Sunday, February 27, 2011

Syria/Charlie Sheen/Stephen Walt

Elliot Ganchrow writes:

There was a great piece in Friday's New York Post in which Benny Avni asks the question as to why the US is not doing more to force out Assad in Syria. His point is that the Assad family have been brutal dictators in Syria (his father killed 40,000 people in 1982 to put down a rebellion), the seeds of rebellion are alive in Syria and that Syria with its nuclear plants being rebuilt and its sponsorship of Hamas and Hezbollah makes the Assad dictatorship one of the world's most dangerous regimes. Yet, if you take a look at this month's Vogue magazine (my wife gets the magazine and showed me the article), there is a puff piece on Assad's wife. She is portrayed as a woman of the world and Syria as a country for all cultures. Mrs. Assad tells the author that "There is a very big Jewish quarter in old Damascus." The only problem, as the author points out, is that the Jewish quarter consists of sealed up houses as most Jews left Syria in 1992. When you consider Syria's brutal repression of its citizens and its sponsorship of terror, it is shocking that the Assad family can pick up positive press. Shame on Vogue.
__________________________________________________________________________

I know that the ADL said that it was borderline anti-semitism, but it was mildly funny that Charlie Sheen insulted the executive producer of his tx show, Chuck Lorre, by calling him by his birth name, Chaim Levine. Mr. Levine may try to hide his Jewishness but ultimately the Charlie Sheens of the world will never let you forget from where you came, no matter what you change your name to.

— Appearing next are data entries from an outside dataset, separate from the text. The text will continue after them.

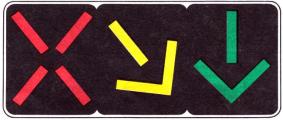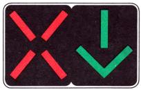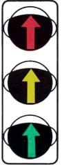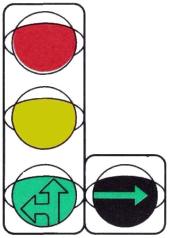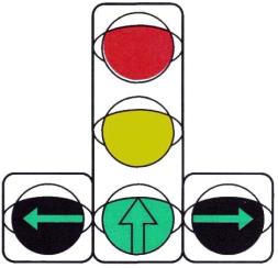* Вариант используют при отсутствии на данном подходе к перекрестку светофоров исполнения Т.2 с сигналами «направо». ** Может применяться только при использовании вариантов в и г размещения основного светофора. *** При регулировании движения трамваев, следующих по обособленному полотну, допускается размещение в междупутье. *4 Допускается устанавливать один светофор типа 7 на центральном островке или подвешивать его над центром перекрестка. (Измененная редакция, Изм. № 1). 4.28. Допускается установка транспортных светофоров типа 2 над каждой соответствующей полосой движения, если режим работы светофорного объекта предусматривает различную длительность и (или) последовательность сигналов для этих полос. Светофоры типа 2 допускается оборудовать табличкой белого цвета с изображением черной стрелки, указывающей направление движения, которое регулируется данным светофором. Табличка должна иметь форму квадрата со стороной 400 мм (см. черт. 19). 4.29. Транспортные светофоры типа 3 должны размещаться под соответствующими светофорами исполнений T.1. T.1.п, Т.1.л. Светофоры типов 3 и 9, используемые для регулирования движения велосипедистов, должны быть установлены справа от велосипедной дорожки на расстоянии от 0,4 до 1,5 м. Светофоры типа 3 должны быть снабжены табличкой белого цвета с черным символом велосипеда, соответствующего ГОСТ 10807. Табличка должна иметь форму квадрата со стороной 200 мм. (Измененная редакция, Изм. № 1). 4.31. Пешеходные светофоры должны размещаться на тротуарах с обеих сторон проезжей части, а при наличии островка безопасности или разделительной полосы - и на них, если число полос движения в одном направлении более четырех. Пешеходными светофорами должны быть оборудованы все пешеходные переходы, расположенные на регулируемом перекрестке. 4.32. Транспортные светофоры типов 1, 2 и 8 следует дублировать, если движение, регулируемое этими светофорами, осуществляется по двум и более полосам и в конкретных условиях невозможно обеспечить выполнение требования распознаваемости сигналов в соответствии с п. 4.25. При наличии светофоров типа 3 светофоры исполнений T.1.п, T.1.л допускается не дублировать. Транспортные светофоры типа 2, расположенные над проезжей частью, не дублируют. (Измененная редакция, Изм. № 1). 4.33. Все светофоры, установленные на одном светофорном объекте (кроме светофоров типа 4), должны работать во взаимозависимых режимах. Любой светофорный объект, входящий в систему координированного регулирования движения, должен иметь возможность работать в индивидуальном автоматическом режиме, независимо от работы других светофорных объектов. 4.34. При работе светофоров должна соблюдаться следующая последовательность включения сигналов: - в транспортных светофорах типов 1 - 3 - красный - красный с желтым - зеленый - желтый - красный... Допускается применять последовательности: красный - зеленый - желтый - красный..., красный - желтый - зеленый - желтый - красный...; - в транспортных светофорах типов 4, 8 - повторное включение красного и зеленого сигнала в соответствии с рабочим режимом объекта; - в транспортных светофорах типа 5 - в соответствии с режимом работы светофорного объекта и направлением движения маршрутных транспортных средств; - в транспортных светофорах типов 6, 7 и 10 - попеременное включение двух сигналов или мигание одного сигнала;
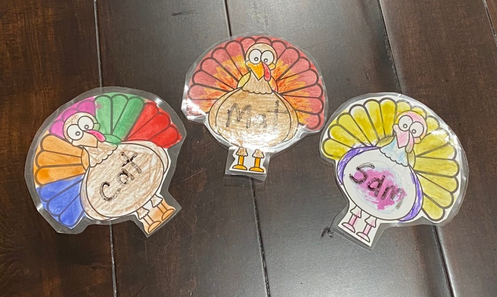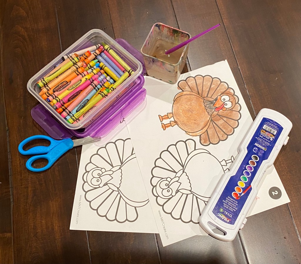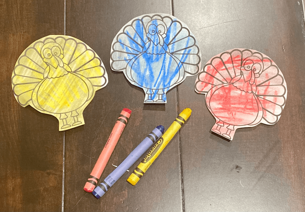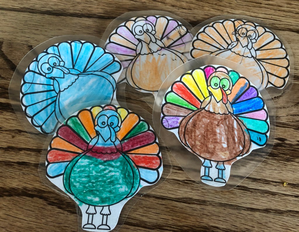 Outside Turkey Hunt: Have a child/children color in the turkeys, cut out. Laminate the turkeys (won’t get ruined by outside elements then). Adult or sibling/friend then hides outside in designated area. Child/children then go find all of the turkeys.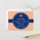 Monogram Orange and White Stripes with Royal Blue Announcement Postcard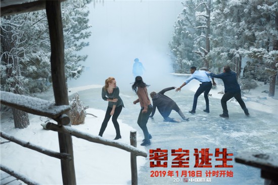 电影《密室逃生》10日发布“冰面陷落”原片片段,密室逃生之路,出现生命危机!预告中,六位主角在极寒环境下,终于找到逃生钥匙,但钥匙却被冰封在巨大的冰块中,希望被瞬间浇灭。而玩家之一的本正好有一支打火机,正当丹尼去拿时,危险降临,冰面瞬间裂开,丹尼不慎掉进湖底。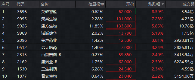 荣昌生物诺诚健华、康方生物等绩优股涨幅亦居前列。根据个股最新发布的2025年年报,荣昌生物盈利7亿元,同比增长逾148%!诺诚健华营收净利双双翻倍增长,其中净利暴增245.8%!康方生物2025年实现新药销售收入30.33亿元,同比增长51%。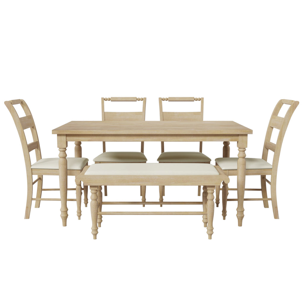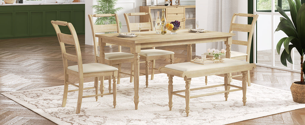 6-peice Dining Set with Turned Legs, Kitchen Table Set with Upholstered Dining Chairs and Bench,Retro Style, Natural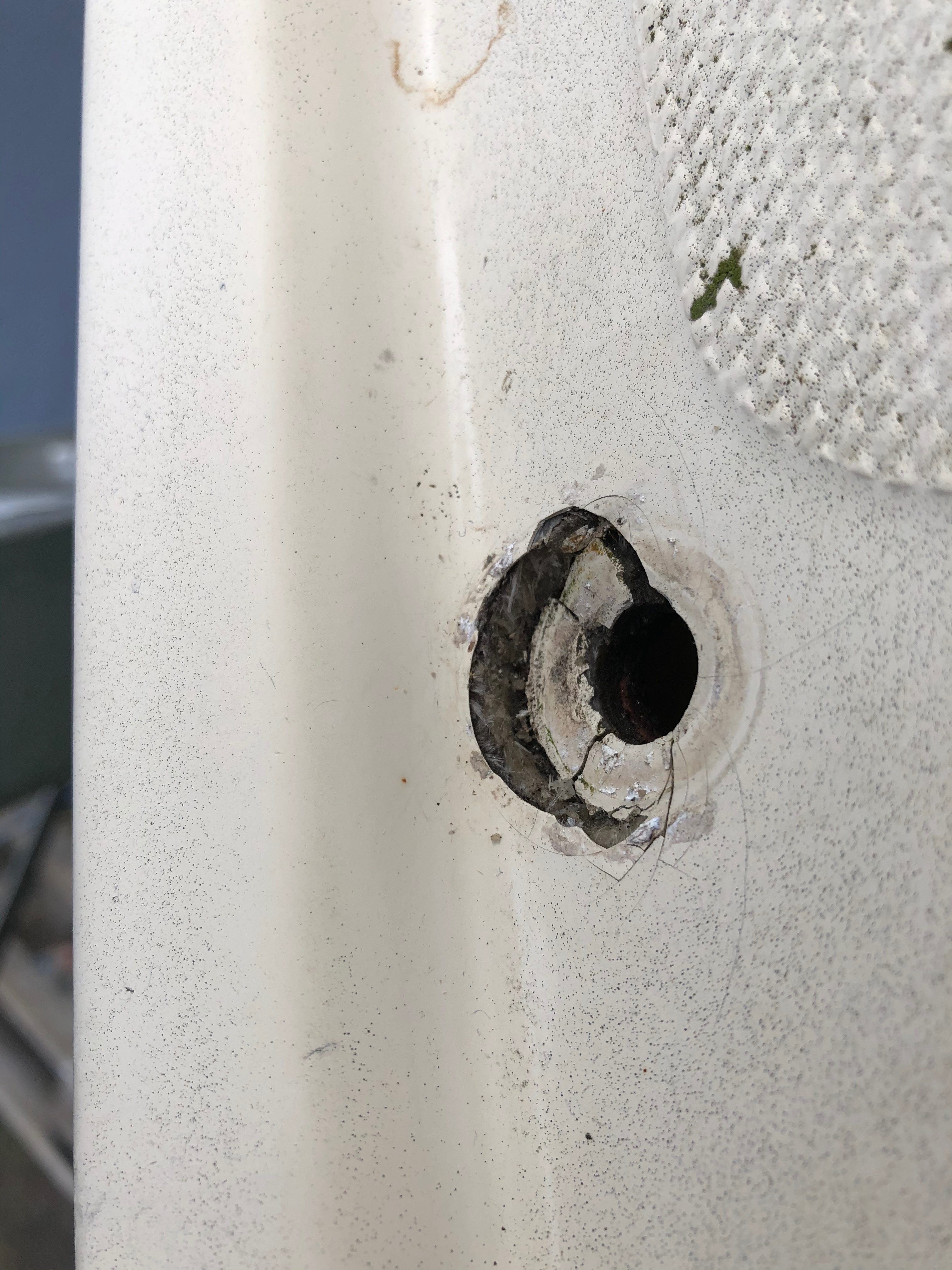 Ob konkret bei diesem Fußpunkt Nässe eingedrungen ist, weiß ich nicht. Als ich aber die Schrauben der beiden heckwärtigen Fußpunkten gelöst habe, kam mir Tropfwasser entgegen. Also ja, ich muss davon ausgehen, dass überall Nässe eingedrungen ist. (Woanders schrieb ich ja auch schon, dass ich die von Dehler vorgesehene Dichtung mit diesen Dubo Profilscheiben aus Plastik für unglücklich halte. Man kann die dafür notwendigen Vorspannkräfte garnicht aufbringen ohne das Gelcoat zu zerstören. Aber das ist ein anderes Thema)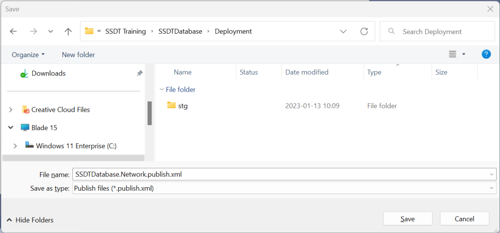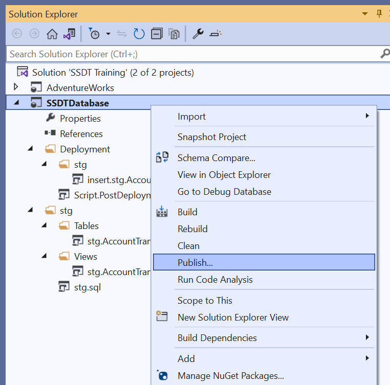 - It should be nested under the Solution (SSDT Training) > Project (SSDTDatabase) > Folder (Deployment)

___________________________________________________________________________Wall Street Journal exposes the idiocy of Stephen Walt, the anti-semitic/arab shill who co-wrote "The Israel Lobby". This is what Walt said in January about Libya, "Athough Libya is far from a democracy, it also doesn't feel like other police states I have visited. I caught no whiff of an omnipresent security service- which is not to say that they aren't there... Nonetheless, Libya appears to be more open than contemporary Iran or China and the overall atmosphere seemed far less oppressive than most places I visited in the old Warsaw Pact..." Good call Mr. Walt.